◆ **WORK REQUIRED**
The copy must match the data word for word and contain no pictures.

◆ **STORED DATA**

━━━━━━━━━━━━━━━━

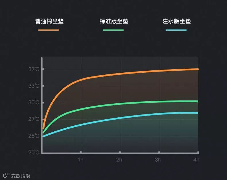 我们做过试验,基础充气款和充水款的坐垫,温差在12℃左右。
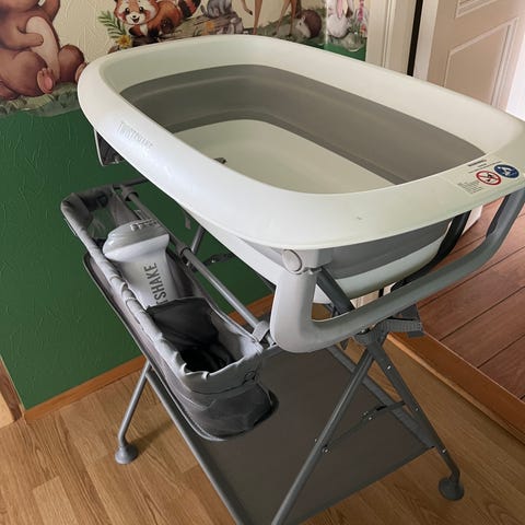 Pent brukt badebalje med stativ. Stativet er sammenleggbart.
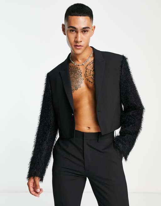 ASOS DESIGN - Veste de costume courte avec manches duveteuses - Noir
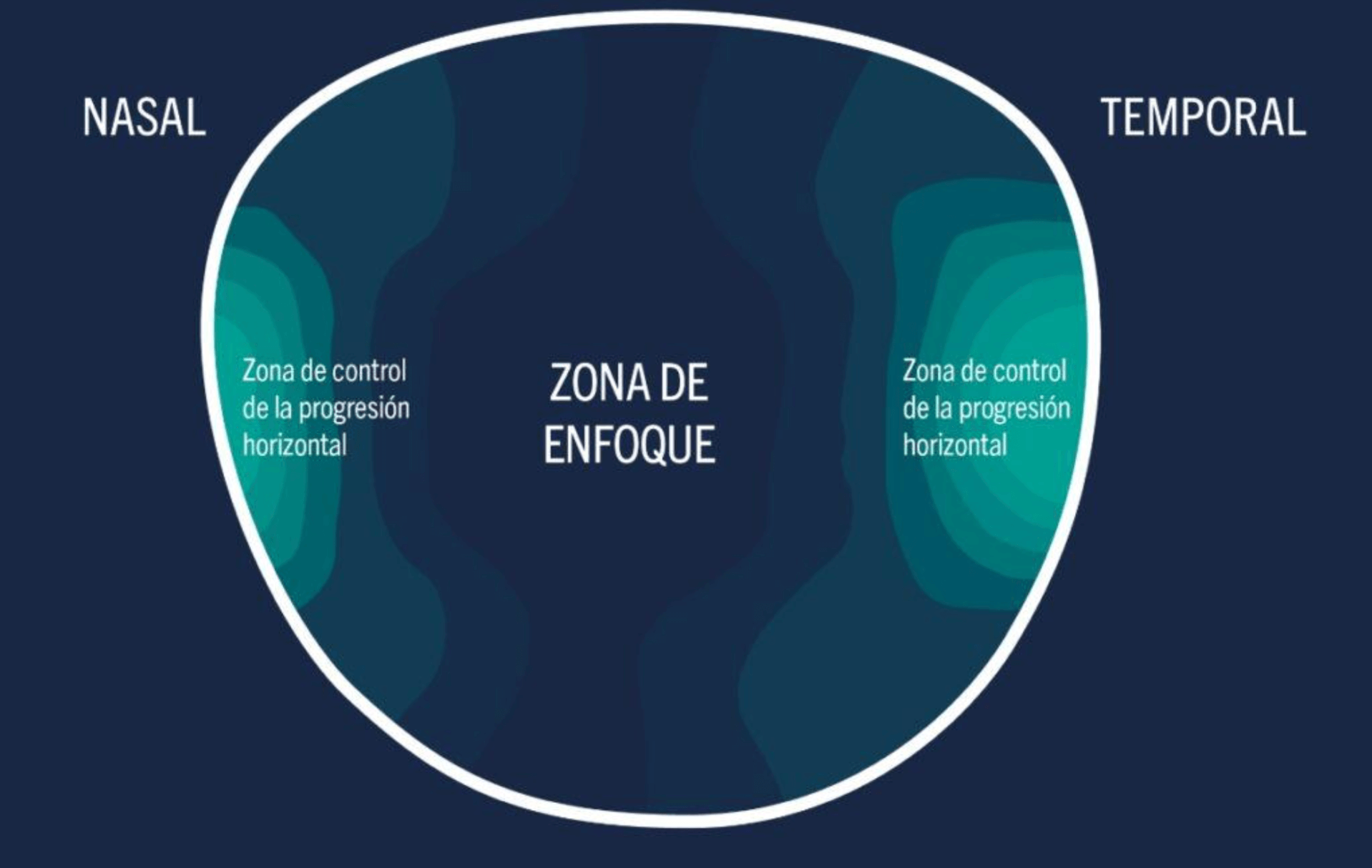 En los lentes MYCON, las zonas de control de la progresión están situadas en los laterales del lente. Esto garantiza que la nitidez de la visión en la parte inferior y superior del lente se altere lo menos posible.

━━━━━━━━━━━━━━━━

◆ **SOLUTION**
 我们做过试验,基础充气款和充水款的坐垫,温差在12℃左右。
 Pent brukt badebalje med stativ. Stativet er sammenleggbart.
 ASOS DESIGN - Veste de costume courte avec manches duveteuses - Noir
 En los lentes MYCON, las zonas de control de la progresión están situadas en los laterales del lente. Esto garantiza que la nitidez de la visión en la parte inferior y superior del lente se altere lo menos posible.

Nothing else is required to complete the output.